- Born: 14 March 1984 (age 42)
- Occupations: Actor, director, producer
- Years active: 1988 – present
- Family: Paula Duncan (mother) John Orcsik (father) Carmen Duncan (aunt) Donald MacDonald (actor, presenter, screenwriter, novelist) (cousin)

= Jessica Orcsik =

Australian actor

Jessica 'Jess' Orcsik, (born 14 February 1984) is an Australian actor, director and producer.

==Early life==
Orcsik is the daughter of Australian actors Paula Duncan and John Orcsik, who met while working together as an on-screen couple in Cop Shop.

Duncan, who suffered from ovarian cysts, had been told she would never have children, but on Valentine's Day 1984, she gave birth to Orcsik after a 48-hour labour and emergency caesarean. There was much attention surrounding her birth, with magazines vying for exclusive rights to the story. At only a day old, she featured in her first magazine article entitled "A Star Is Born", complete with photos of her mother holding her in the hospital.

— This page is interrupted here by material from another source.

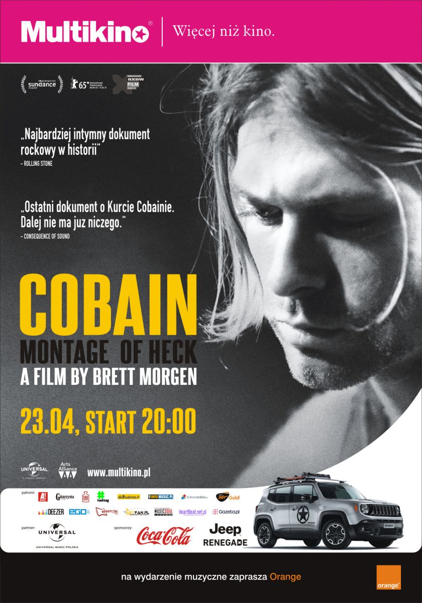 Doświadcz życia, muzyki oraz umysłu Kurta Cobaina, jak nigdy wcześniej w pierwszym całkowicie autoryzowanym filmowym portrecie ikony rocka! Reżyser Brett Morgen prezentuje najbardziej intymny dokument zawierający mieszankę prywatnych archiwów Cobaina oraz nigdy wcześniej nieprezentowanych domowych nagrań video. Wśród nich m.in. szczere wywiady z rodziną i najbliższymi współpracownikami, a także z jego żoną - Courtney Love. Film ten ukazuje sprzeczności pomiędzy tym kim był Kurt, a tym jak odbierali go inni. Przedstawia życie wybitnego artysty od najmłodszych lat, które spędził w rodzinnym Aberdeen przez wyżyny sławy. "Cobain: Montage of heck" zebrał świetne recenzje na festiwalach filmowych Sundance i w Berlinie, a teraz będzie można zobaczyć go na ekranach kin sieci Multikino.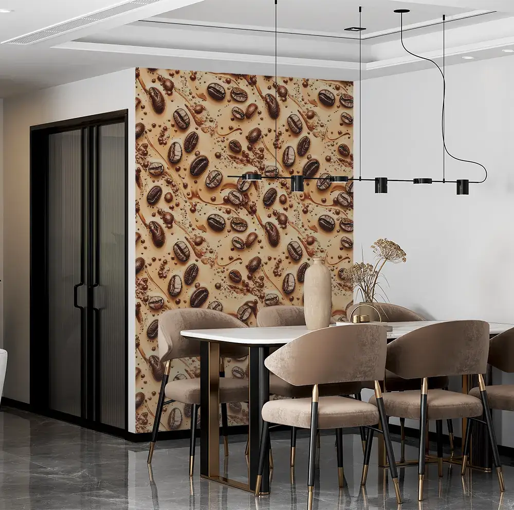 Фототапетът „Кафени зърна в кремава текстура“ ще внесе топлина, уют и ароматна идентичност във всеки интериор – от модерни кафенета до елегантни заведения.

Orcsik undertook acting classes at her father's theatre school, The Australian Playhouse Studio (TAPS) in the 1990s, where she studied Shakespeare, voice and theatre. She then went on to train at her father's film and television school.

==Career==
Orcsik is an actress and award-winning filmmaker who has worked in television, film, theatre and music videos for over 35 years. She began her professional career at the age of 4, with a part on short-lived 1988 Australian TV soap opera Richmond Hill, opposite her mother, Paula Duncan. They also appeared together in various television commercials, soap opera Home and Away, and her father's television film Academy (1996), based on a true story about their family and how her father's film & TV school TAFTA began.

She appeared as Credit Girl in Me, Myself, I in 2000. Then at the age of 19, she scored a part as a dancer on the 2005 film Son of the Mask. Impressed with her performance, the choreographers helped her get her O1 Visa to the US, upon which she moved to Los Angeles. She appeared in a pilot called The High Life by Jeff Shakoor the writer of Bloodline, and had other small television roles, but found herself disheartened by knockbacks and returned to Australia where she opened a performing arts school at the age of 22.

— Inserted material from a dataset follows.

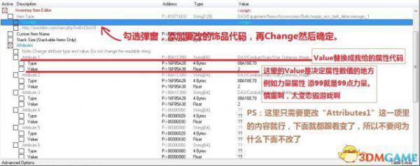 *最简单的技能戒指之间的的替换,这个只需要勾选“Inventory Item Editor”后,装备再卸下要替换掉的技能戒指让CE锁定它,然后替换成目标代码确定后,F5 F9就行了。

Orcsik ultimately returned to the States, to train at Broadway Dance Center in New York, before moving to LA to run The American Arts Film & Television Academy (AAFTA) – an extension of The Australian Film & Television Academy (TAFTA), founded in 1994 by her parents. She is the director of her production company, J.O. International Productions and was director of Sydney-based performing company, J.O. Studios, which closed in 2013. She also runs production company Diversity Entertainment/Diversity Pictures.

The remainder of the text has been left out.